When Students Fear a New Text
In fourth grade, right before we were about to step onstage for the yearly choir concert, my teacher told the class to picture the audience as giant pickles. She explained that giant pickles are funny and that if we could laugh before the concert, we wouldn’t be nervous. Of course, we had all heard about picturing the audience in its underwear, but that line had become worn out. The success of the pickle picturing plan was its novelty in addition to its effectiveness. We weren’t scared of performing because we were performing for giant pickles. It was new, and it worked.
Today, as my students work to see themselves as writers, I draw on my fourth grade teacher’s advice. How can I make the oftentimes daunting task of writing new and exciting? What can I do to demonstrate to my students that new texts are not tedious and should never be sources of fear?
On the first day of analyzing a new text, my students are hard at work charting the text. As a group, we have broken it into digestible chunks, and now, we are completing a triple-entry journal that will act as the pre-writing for our argumentative analysis essays. Our goal is to dive into the brain of the author to figure out how he is trying to persuade us. As effective as this is, it has also been done before. It is the equivalent of an audience in its underwear.
Drop Everything and Play
Dropping everything and playing is the pickle in the audience. The goal is to transform the fear of a new text into an opportunity for pure creativity.
More specifically, when students drop everything and play with a text, they are given complete creative license to do anything they want with their copies of the text.
The Assignment
STOP ANALYZING. START PLAYING.
Your task is to take the first chapter of Night and turn it into something completely new. Extra points if it is unrecognizable from the original text.
Play-friendly Texts
My advice is to pick a text that is, of course, relevant to your content, but also slightly harder than what is normally read in your classroom. Remember, you are looking for that “Aha!” moment when students realize the text isn’t impossible or daunting.
Texts I have used:
- Chapter 1 of Elie Wiesel’s memoir, Night – Students encounter words like shtibl, penury, treatise, and antechamber.
- Gravedigger Scene from Hamlet (found here) – We played with just the “Alas, poor
David Tennant as Hamlet – Image via andretchaikowsky.com Yorick…” speech. This text lends itself well to budding poets.
- Chris Ferrante’s 2013 article, “Playing God: The Ethics of Euthanasia” (found here) – We used this as debate preparation after reading Of Mice and Men. This is the most difficult text we read all year, but it has the most opportunities for play.
Results
- Students cut out individual words and pasted them on a poster to create a word cloud.
- Students blackened out almost all of the words in the article and created a blackout poem.
- See http://newspaperblackout.com/ for a fantastic database of examples.
- Students wrote found poems and short stories based on words and phrases in a text.

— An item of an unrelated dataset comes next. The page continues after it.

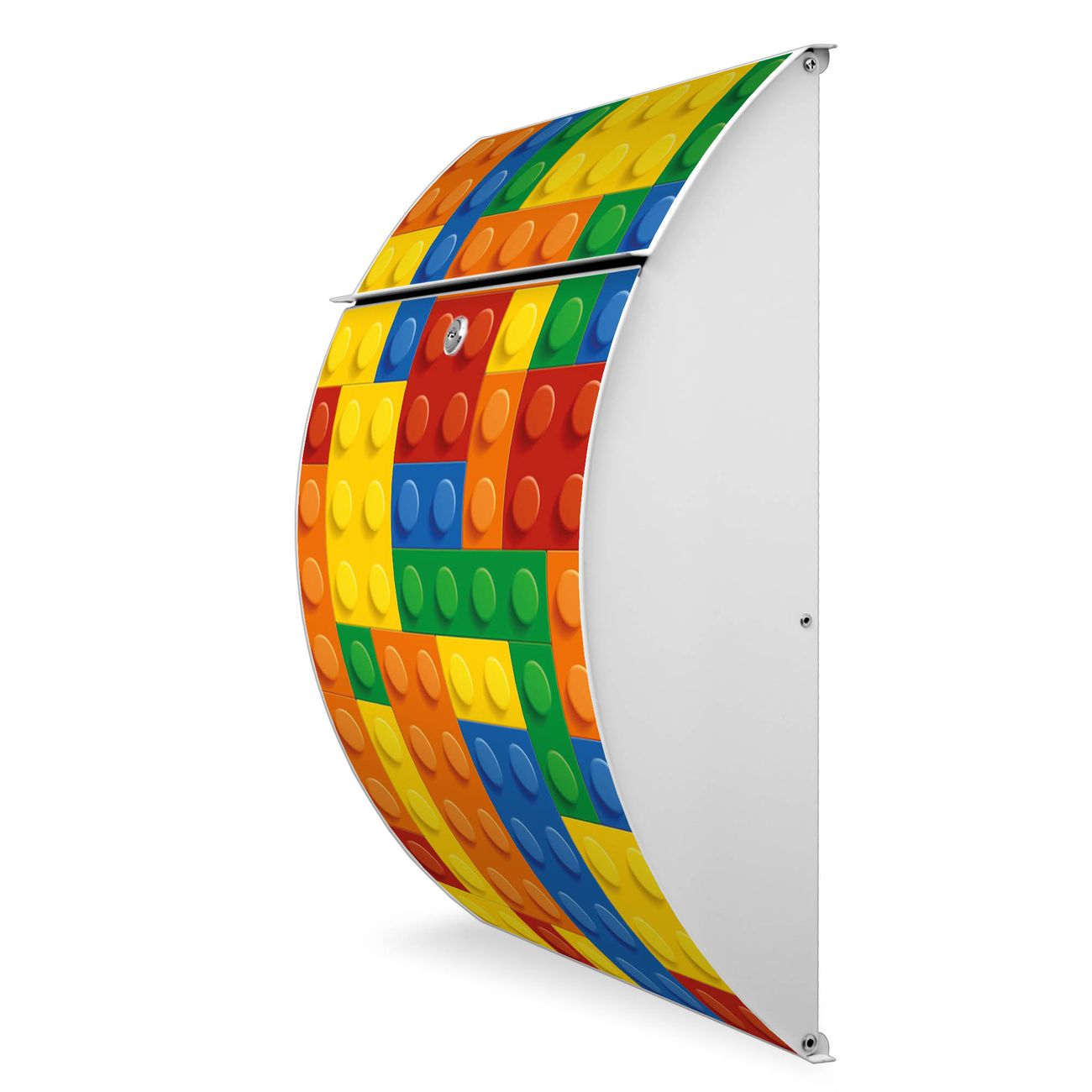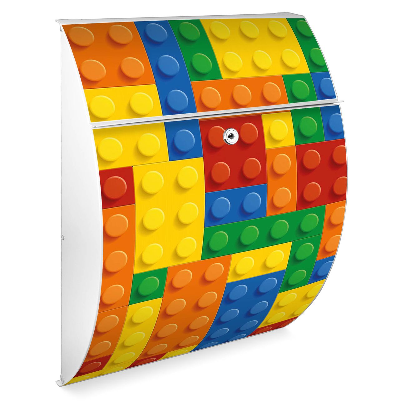Der weiße Burg Wächter Design Briefkasten mit Motiv Bausteine bietet Ihnen mit seinem Fassungsvermögen genügend Platz auch für große A4 Sendungen. Auf Wunsch können Sie bei uns auch den passenden Ständer kaufen und so aus dem Wandbriefkasten einen Standbriefkasten machen.

- Sayler’s Hamlet Found Poem:
Horatio I knew your merriment. I knew your grinning. I knew how your lips kissed and how - in my imagination she abhorred her own chamber - her lips kissed back a thousand times. Now, her songs mock me. Not one favour to know. Not one favour to roar. Your infinite jest. My infinite imagination.
- Students created vocabulary flashcards for difficult words and quizzed their peers.
- While reading an argument about the declining reading abilities of Americans, a student cut out each word in the text and created an alphabet book with each page corresponding to a letter of the alphabet. Each letter’s page included every word from the article that started with that letter.
Reflection
During our Drop Everything and Play time, words become tools for creativity as opposed to hurdles and barriers to understanding. The texts themselves become less intimidating. They become something that can be analyzed.
Overall, I want my students to enjoy playing with words. I want them to see how malleable and fluid language is. They need to recognize new and complicated texts as avenues for entertainment and creativity.
Of course, the analysis has to follow. And it will. Students will gravitate toward making connections and digging into the text to discuss the author’s motivation. They will get there. But the foundation of the experience must be creativity. After all, we are asking them to become writers, creators of content, and molders of meaning. Writing is an entirely creative process, so when students can first interact with a text by turning it into a pickle, their response to it as writers will be monumentally more creative. When we drop everything, we give our students the opportunity to change and be changed by writing.